YOUR TASK = A word-for-word copy of the entries, with images excluded, is the expected answer.

[Items from a dataset]
________________________________________

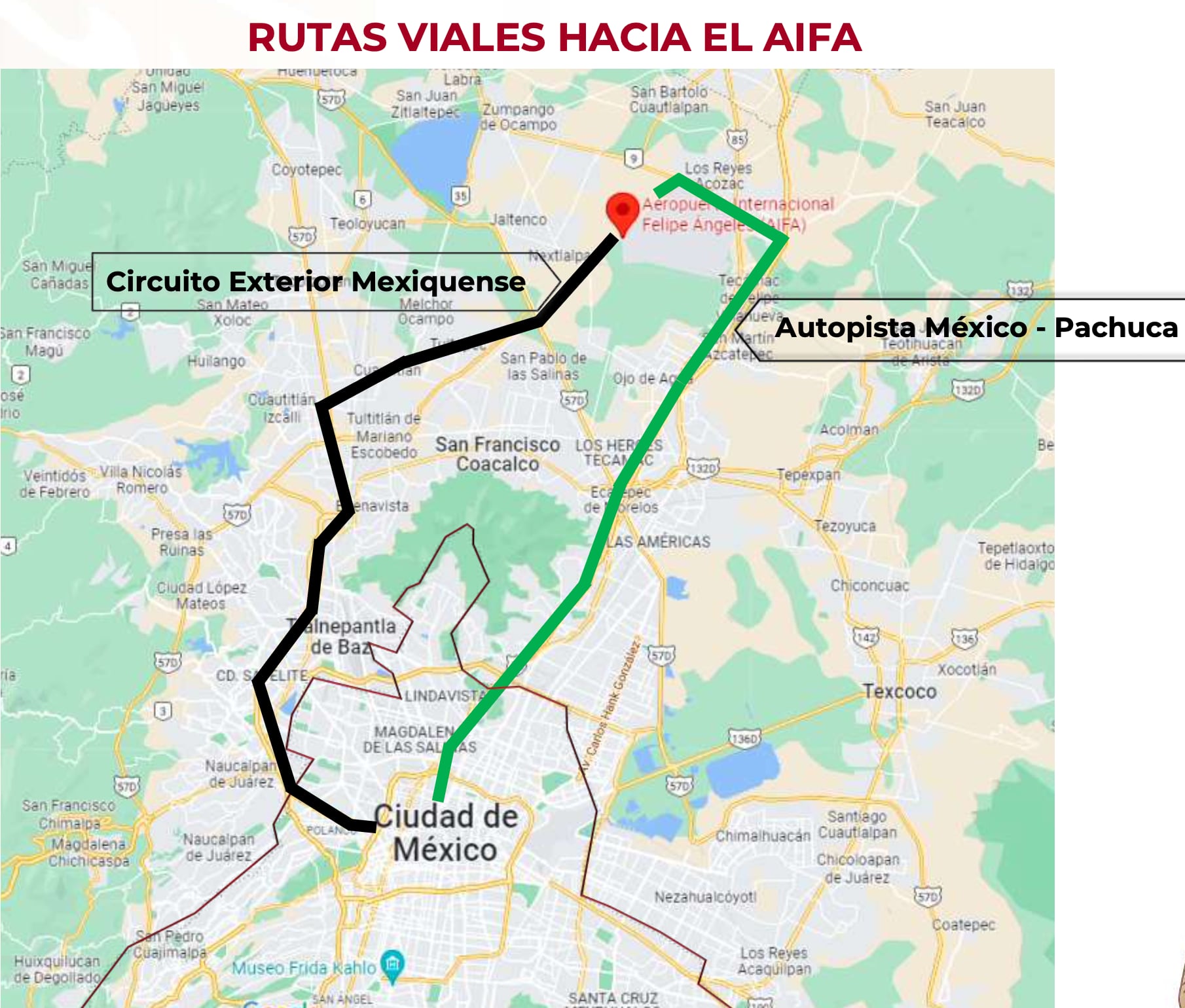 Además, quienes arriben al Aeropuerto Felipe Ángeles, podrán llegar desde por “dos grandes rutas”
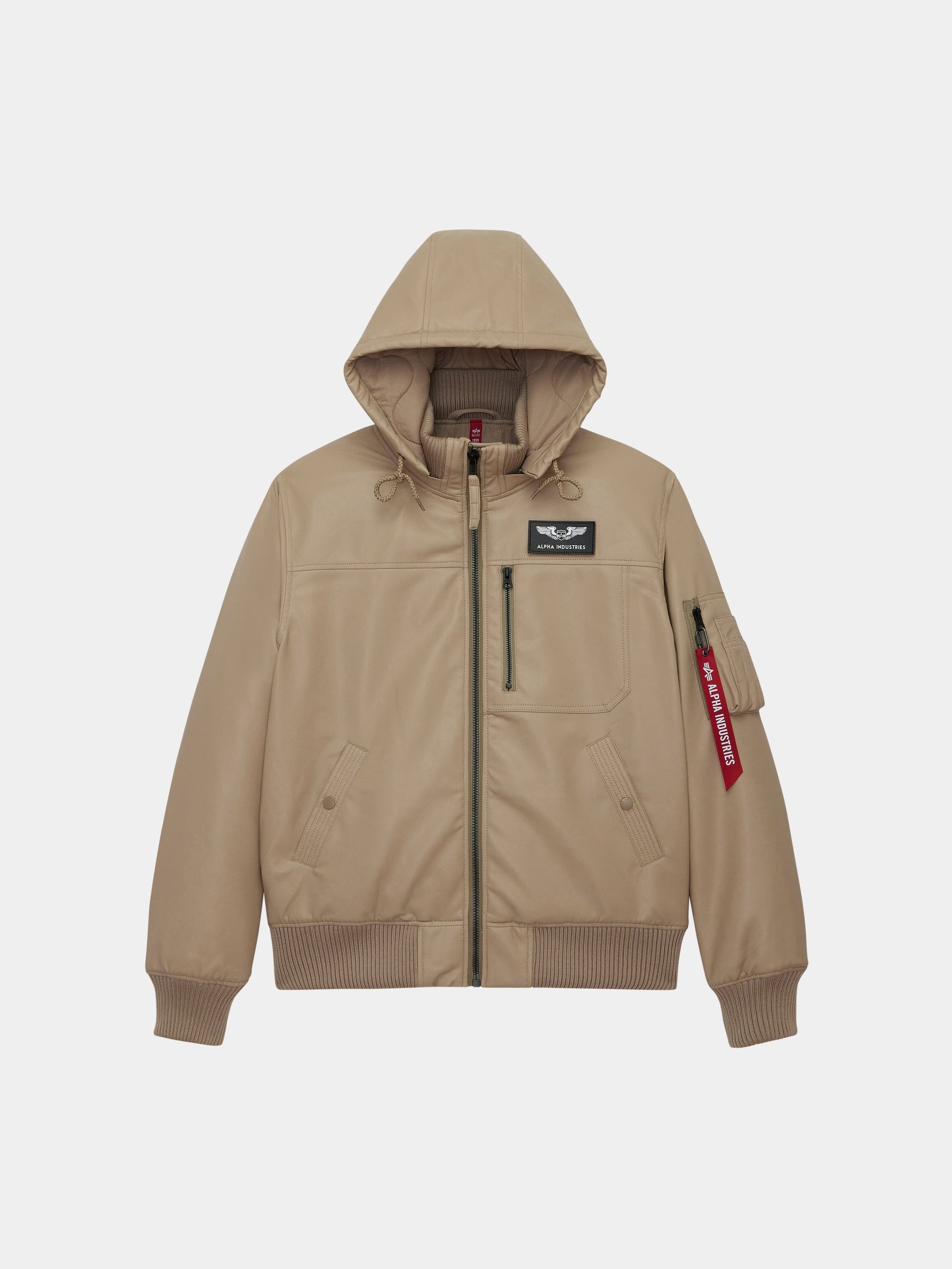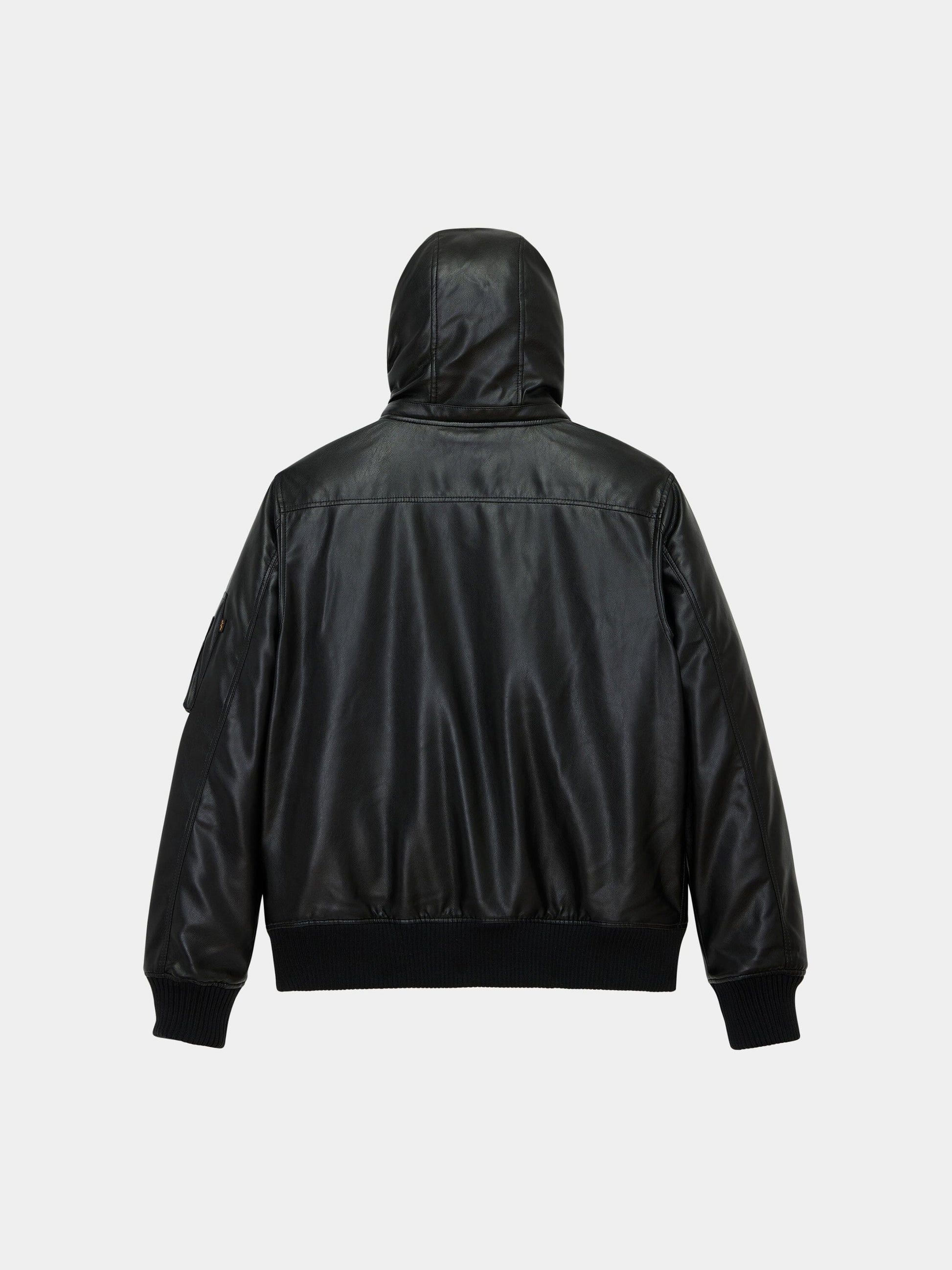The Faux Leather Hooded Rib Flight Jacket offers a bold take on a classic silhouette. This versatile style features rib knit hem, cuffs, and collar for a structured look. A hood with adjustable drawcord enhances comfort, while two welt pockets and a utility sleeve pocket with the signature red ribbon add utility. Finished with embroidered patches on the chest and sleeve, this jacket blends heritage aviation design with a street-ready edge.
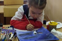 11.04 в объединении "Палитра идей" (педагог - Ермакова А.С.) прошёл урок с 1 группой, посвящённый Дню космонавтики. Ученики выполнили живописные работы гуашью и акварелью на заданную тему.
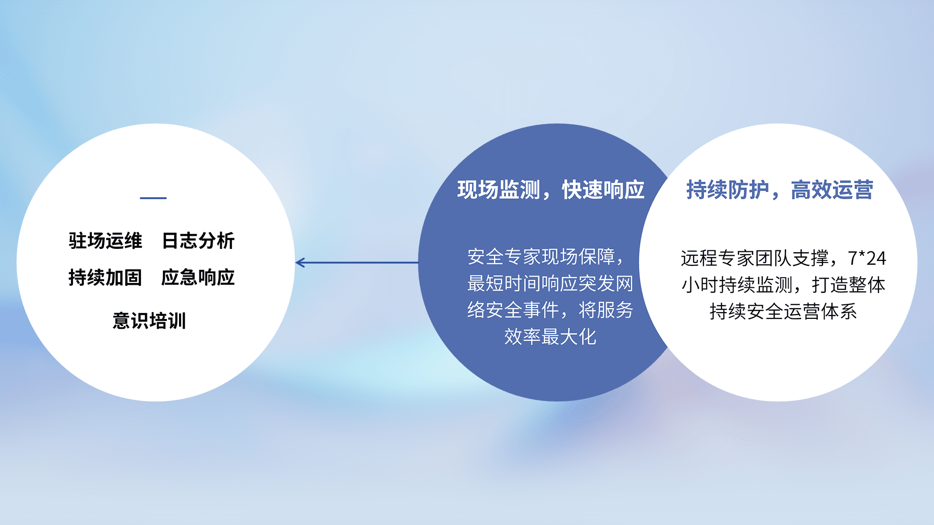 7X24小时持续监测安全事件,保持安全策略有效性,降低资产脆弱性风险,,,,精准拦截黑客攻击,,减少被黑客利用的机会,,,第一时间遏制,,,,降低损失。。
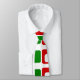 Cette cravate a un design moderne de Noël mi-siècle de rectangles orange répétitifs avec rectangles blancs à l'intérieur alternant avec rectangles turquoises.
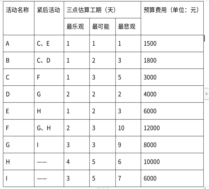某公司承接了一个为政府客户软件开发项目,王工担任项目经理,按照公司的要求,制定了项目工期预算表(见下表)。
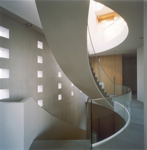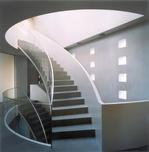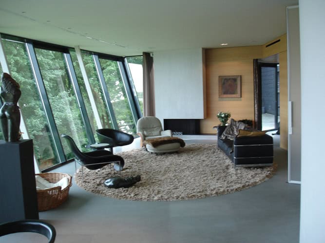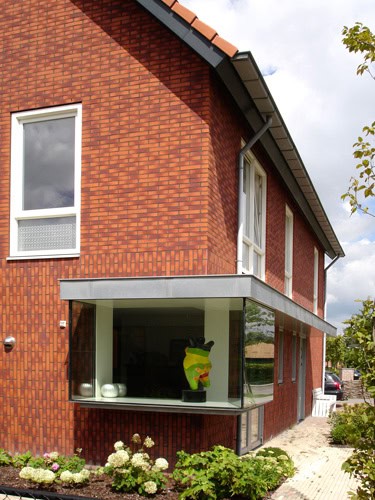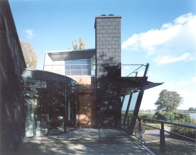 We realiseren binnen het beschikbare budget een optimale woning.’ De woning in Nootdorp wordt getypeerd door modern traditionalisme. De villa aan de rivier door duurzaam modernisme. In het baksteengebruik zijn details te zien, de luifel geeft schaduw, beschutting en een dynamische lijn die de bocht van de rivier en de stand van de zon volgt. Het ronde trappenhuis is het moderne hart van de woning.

________________________________________

FINAL ANSWER =
 Además, quienes arriben al Aeropuerto Felipe Ángeles, podrán llegar desde por “dos grandes rutas”
The Faux Leather Hooded Rib Flight Jacket offers a bold take on a classic silhouette. This versatile style features rib knit hem, cuffs, and collar for a structured look. A hood with adjustable drawcord enhances comfort, while two welt pockets and a utility sleeve pocket with the signature red ribbon add utility. Finished with embroidered patches on the chest and sleeve, this jacket blends heritage aviation design with a street-ready edge.
 11.04 в объединении "Палитра идей" (педагог - Ермакова А.С.) прошёл урок с 1 группой, посвящённый Дню космонавтики. Ученики выполнили живописные работы гуашью и акварелью на заданную тему.
 7X24小时持续监测安全事件,保持安全策略有效性,降低资产脆弱性风险,,,,精准拦截黑客攻击,,减少被黑客利用的机会,,,第一时间遏制,,,,降低损失。。
 Cette cravate a un design moderne de Noël mi-siècle de rectangles orange répétitifs avec rectangles blancs à l'intérieur alternant avec rectangles turquoises.
某公司承接了一个为政府客户软件开发项目,王工担任项目经理,按照公司的要求,制定了项目工期预算表(见下表)。
 We realiseren binnen het beschikbare budget een optimale woning.’ De woning in Nootdorp wordt getypeerd door modern traditionalisme. De villa aan de rivier door duurzaam modernisme. In het baksteengebruik zijn details te zien, de luifel geeft schaduw, beschutting en een dynamische lijn die de bocht van de rivier en de stand van de zon volgt. Het ronde trappenhuis is het moderne hart van de woning.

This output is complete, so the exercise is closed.